Jim Leach is going on tour.
The chair of the National Endowment for the Humanities (NEH) will bring his 50-state “civility tour” to Davis Thursday at 11 a.m. in Freeborn Hall, featuring lessons on mutual respect and understanding for others.
He urges his listeners to use vocabulary conducive to a civil environment, especially among different ethnicities and religions.
“It looks as if America is divided,” Leach said. “Acting out against someone because of their ethnic background is an unacceptable way of behaving and we need to address it.”
The tour coincides with the 20th anniversary of the UC Davis Principles of Community, which Leach said should be hung above the door of the House of Representatives and members of the U.S. government should aspire to follow the ideals adopted by UC Davis.
The principles include several values for the UC Davis community with which to follow and make judgments. These ideals fall under the umbrella of respect for the dignity of all human beings, said Associate Executive Vice Chancellor Rahim Reed.
The similarities of UC Davis’s principles and Leach’s civility tour makes the speech the ideal event to kick off a yearlong celebration of the principles, Reed said. The celebration will include more keynote speakers as well as a public re-signing of the principles by leaders in the community.
Reed also said that the speech will be timely due to the vandalism on campus at the Lesbian Gay Bisexual Transgender Resource Center (LGBTRC) and the six swastikas carved and spray painted on and around campus.
“Given these recent incidences of hate and biases that have been committed on our campus, we thought it would be appropriate in our twentieth celebration to discuss these various themes with such a distinguished speaker,” Reed said.
However, civility isn’t as simple as toleration; there must be more interaction for one person to understand another person, argued Hailey Ferroni, a junior psychology and Native American studies major.
“Being civil with one another might mean coexisting without having to interact with other people,” said Ferroni, who is currently a resident advisor and will be the co-coordinator of the Peer Education And Community Empowerment program next year. “It’s more peaceful, but it doesn’t necessarily mean you understand someone else.”
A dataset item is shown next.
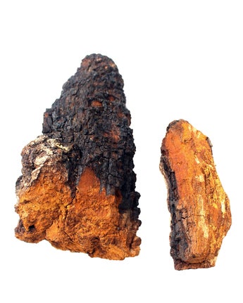 Chaga produces a woody growth, or conk, which looks similar to a clump of burnt charcoal — roughly 10–15 inches (25–38 centimeters) in size. However, the inside reveals a soft core with an orange color.

She added that sometimes those in power will place themselves in a more civil light, which emphasizes the concept of the “other” as the less civil person. This process, she said, creates binaries, which often result in misperceptions of a certain community.
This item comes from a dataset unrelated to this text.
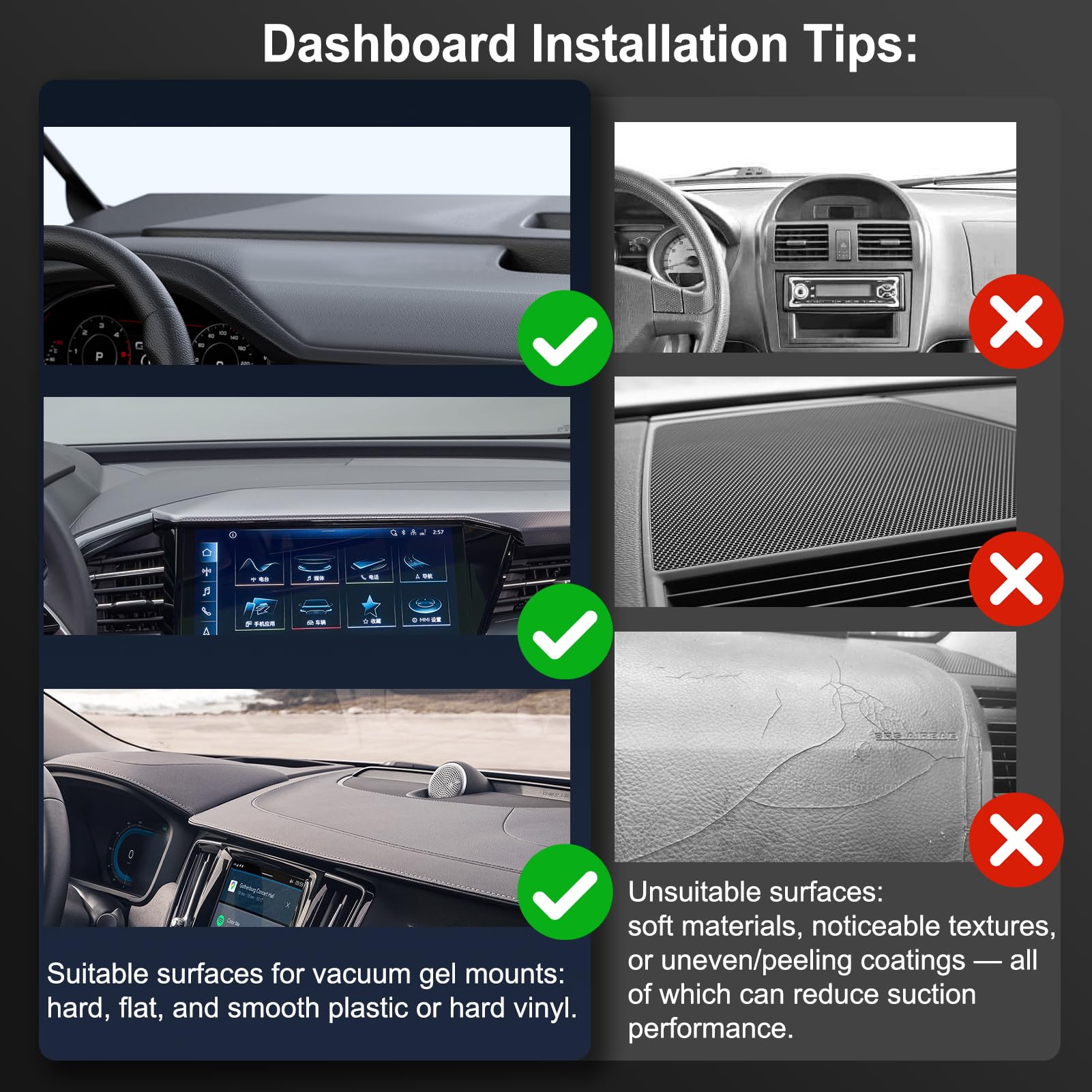 - Vacuum Lock + Gel Base — For Smooth, Flat Surfaces: Features a rotary vacuum-lock and 4-layer washable gel base that forms a rock-solid hold on flat, non-textured surfaces such as glass, glossy dashboards, or hard leather. Avoid use on curved, soft, or textured materials. To install, firmly press the gel base and rotate the vacuum lock clockwise until tight

“It’s easy for us to categorize people into binaries, but that’s not conducive to the sheer amount of differences in our society,” Ferroni said.
In addition the Leach’s speech, Ferroni suggested that students interested in creating a more civil environment by understanding other cultures attend this week’s Native American Culture Days. Events include a community dinner in King Lounge from 6 until 8:30 tonight, a game of Stickball on the quad from noon until 2 p.m. on Friday and a Powwow from 9 a.m. until midnight on Saturday in the ARC pavilion.
“[Civility] begins with small units,” Leach said. “You begin to understand others with the notions of the family, the school, the nation, the country and the world. Surprisingly basic values at the small unit quite frequently apply to the larger.”